● Exercise directions:
Although the records contain pictures, none belong in the copy: restate word for word only the lines from the one with "Zlato je výborně" through the one with "Paul éluard. Manuscrit", both included.

● Provided data:
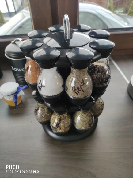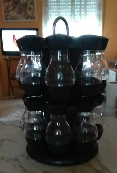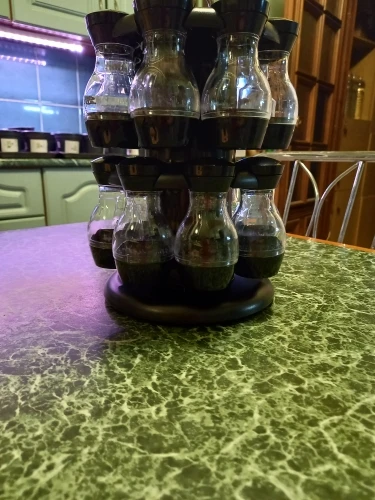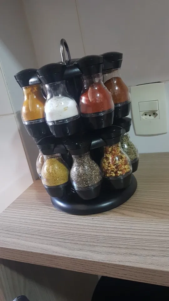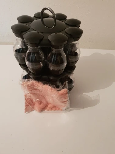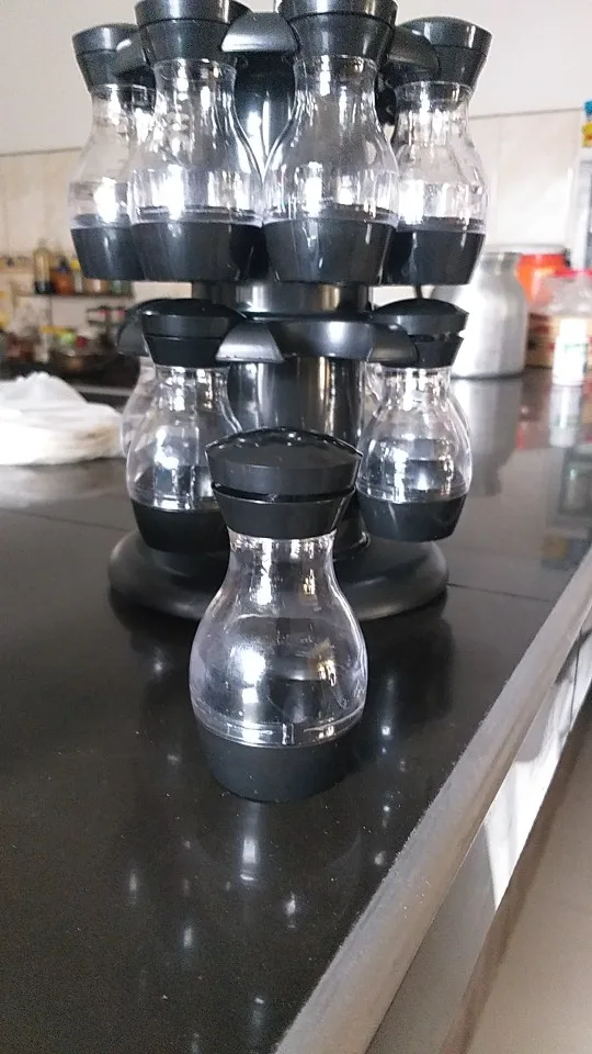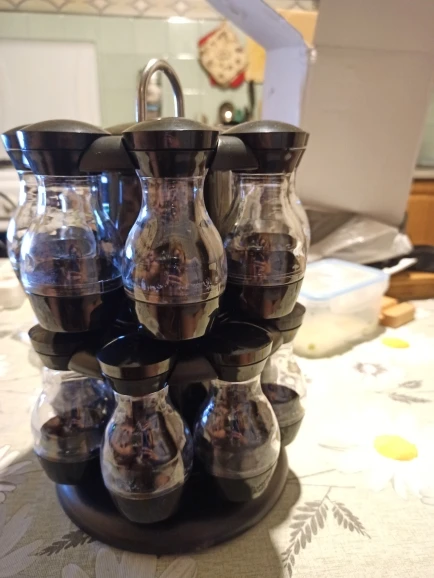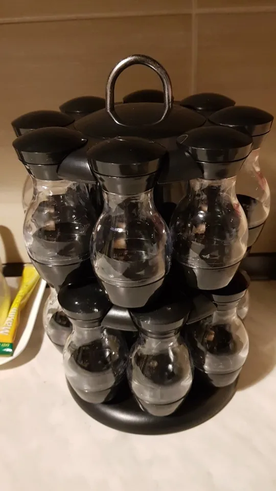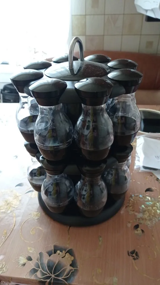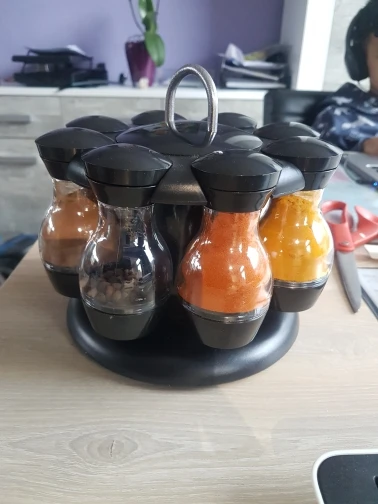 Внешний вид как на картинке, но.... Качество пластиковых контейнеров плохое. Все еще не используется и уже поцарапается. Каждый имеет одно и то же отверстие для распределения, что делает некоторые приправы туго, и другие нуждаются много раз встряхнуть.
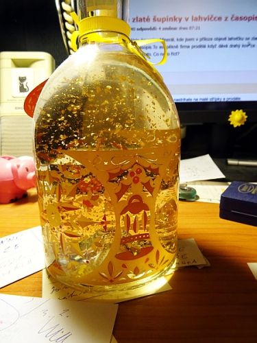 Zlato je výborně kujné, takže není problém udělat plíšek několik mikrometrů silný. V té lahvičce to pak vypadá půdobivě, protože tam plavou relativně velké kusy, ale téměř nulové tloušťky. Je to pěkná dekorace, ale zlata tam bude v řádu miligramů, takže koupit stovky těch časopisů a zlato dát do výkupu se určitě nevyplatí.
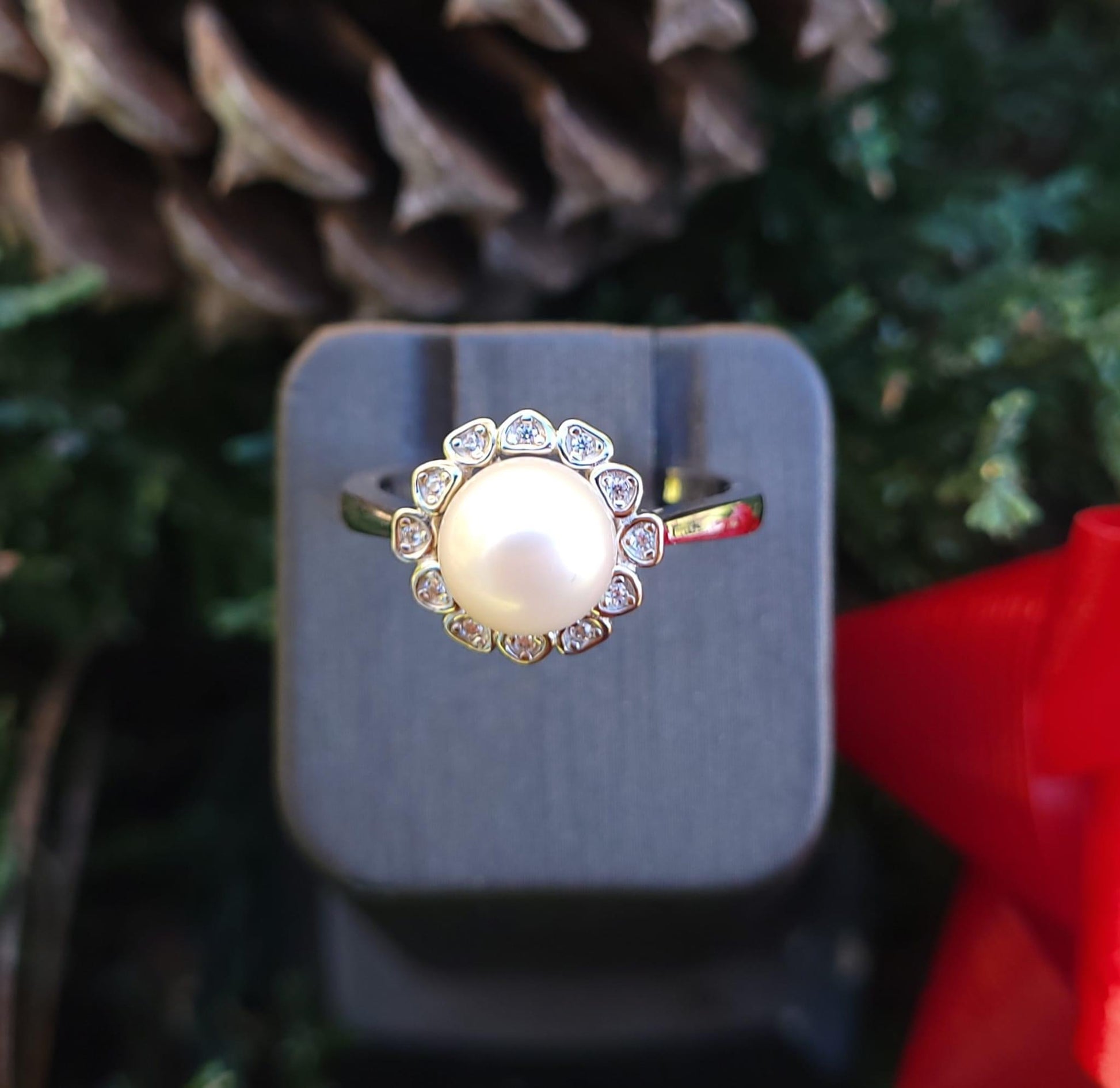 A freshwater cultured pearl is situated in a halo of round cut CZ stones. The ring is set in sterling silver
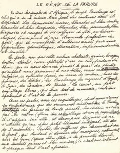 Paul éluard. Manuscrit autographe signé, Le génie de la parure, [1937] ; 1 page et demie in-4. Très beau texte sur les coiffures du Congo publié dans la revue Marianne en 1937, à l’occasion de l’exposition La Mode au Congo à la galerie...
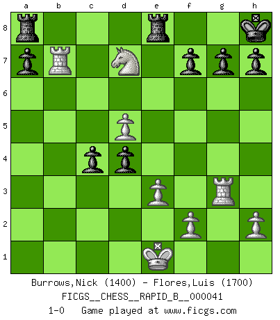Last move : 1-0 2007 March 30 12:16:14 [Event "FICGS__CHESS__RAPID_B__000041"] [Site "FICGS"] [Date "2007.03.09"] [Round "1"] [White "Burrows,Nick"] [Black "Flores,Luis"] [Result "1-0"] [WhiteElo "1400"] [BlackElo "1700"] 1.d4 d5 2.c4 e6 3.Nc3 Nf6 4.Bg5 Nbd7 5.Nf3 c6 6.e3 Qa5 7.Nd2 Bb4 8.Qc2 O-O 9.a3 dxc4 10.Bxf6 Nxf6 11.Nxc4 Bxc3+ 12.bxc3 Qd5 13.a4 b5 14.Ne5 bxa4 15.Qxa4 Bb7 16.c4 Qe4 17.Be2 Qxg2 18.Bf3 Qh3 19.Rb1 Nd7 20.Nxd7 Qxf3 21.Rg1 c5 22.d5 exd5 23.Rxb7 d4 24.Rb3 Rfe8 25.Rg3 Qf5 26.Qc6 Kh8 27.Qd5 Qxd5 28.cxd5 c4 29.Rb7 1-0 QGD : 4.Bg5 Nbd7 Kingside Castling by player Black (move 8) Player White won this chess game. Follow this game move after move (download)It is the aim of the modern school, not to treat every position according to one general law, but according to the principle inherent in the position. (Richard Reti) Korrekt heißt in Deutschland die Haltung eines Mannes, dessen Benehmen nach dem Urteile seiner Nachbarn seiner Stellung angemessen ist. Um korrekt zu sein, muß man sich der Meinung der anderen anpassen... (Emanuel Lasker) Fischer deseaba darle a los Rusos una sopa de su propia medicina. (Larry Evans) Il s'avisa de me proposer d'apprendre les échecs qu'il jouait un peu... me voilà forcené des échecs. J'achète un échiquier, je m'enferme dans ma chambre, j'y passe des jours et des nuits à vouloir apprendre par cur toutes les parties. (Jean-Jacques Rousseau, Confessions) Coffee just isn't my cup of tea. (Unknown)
==
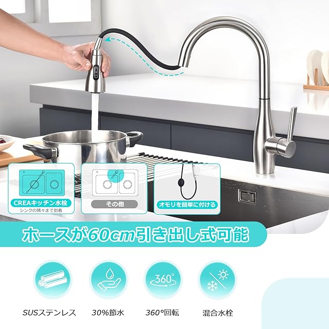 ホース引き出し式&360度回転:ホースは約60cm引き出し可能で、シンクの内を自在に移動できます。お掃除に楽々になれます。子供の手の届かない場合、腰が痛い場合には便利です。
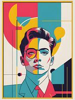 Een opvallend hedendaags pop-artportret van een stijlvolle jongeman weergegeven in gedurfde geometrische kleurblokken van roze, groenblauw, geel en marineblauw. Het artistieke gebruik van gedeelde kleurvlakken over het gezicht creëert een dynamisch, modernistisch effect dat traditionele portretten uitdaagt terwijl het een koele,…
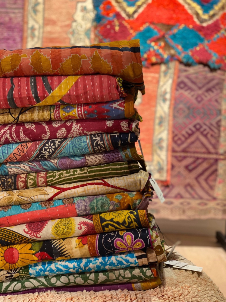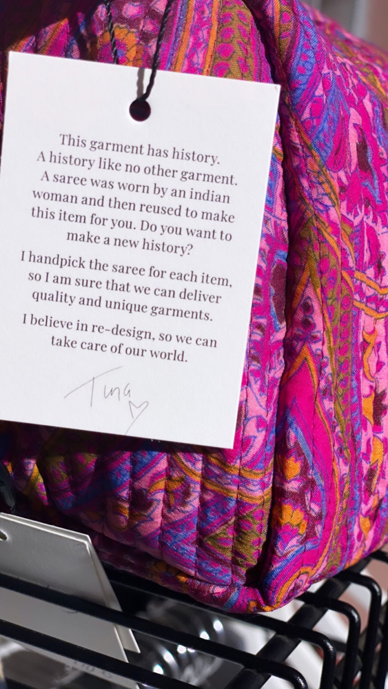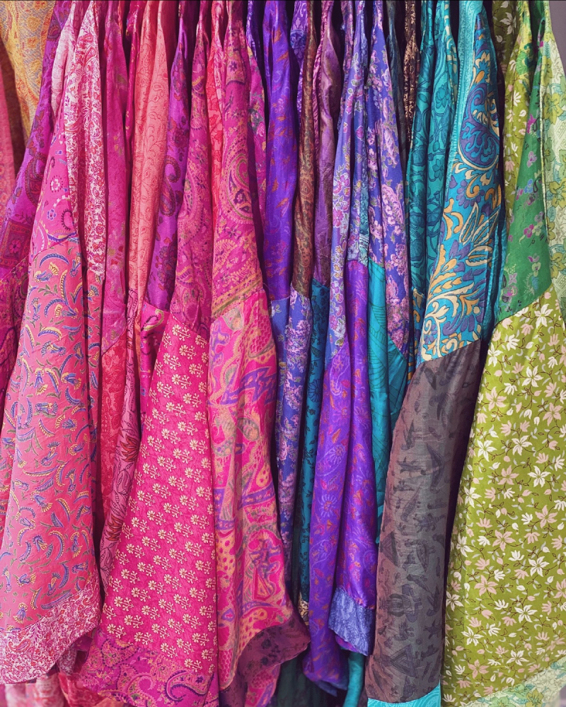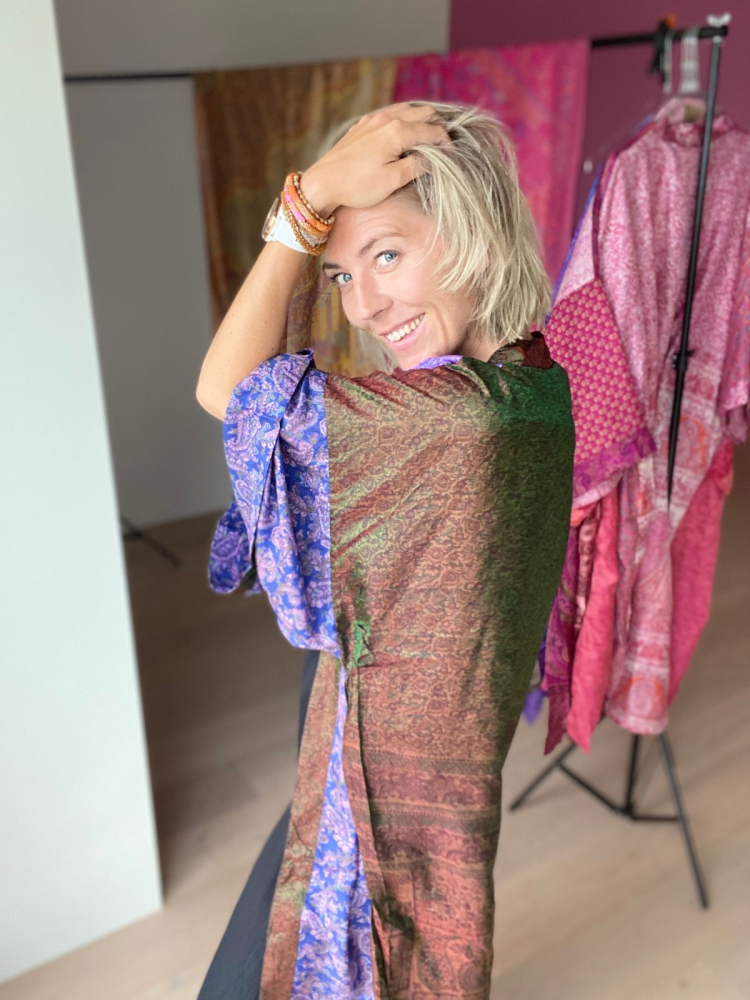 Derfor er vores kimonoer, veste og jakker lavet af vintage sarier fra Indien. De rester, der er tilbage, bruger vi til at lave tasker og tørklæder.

● Solution to this task:
 Zlato je výborně kujné, takže není problém udělat plíšek několik mikrometrů silný. V té lahvičce to pak vypadá půdobivě, protože tam plavou relativně velké kusy, ale téměř nulové tloušťky. Je to pěkná dekorace, ale zlata tam bude v řádu miligramů, takže koupit stovky těch časopisů a zlato dát do výkupu se určitě nevyplatí.
 A freshwater cultured pearl is situated in a halo of round cut CZ stones. The ring is set in sterling silver
 Paul éluard. Manuscrit autographe signé, Le génie de la parure, [1937] ; 1 page et demie in-4. Très beau texte sur les coiffures du Congo publié dans la revue Marianne en 1937, à l’occasion de l’exposition La Mode au Congo à la galerie...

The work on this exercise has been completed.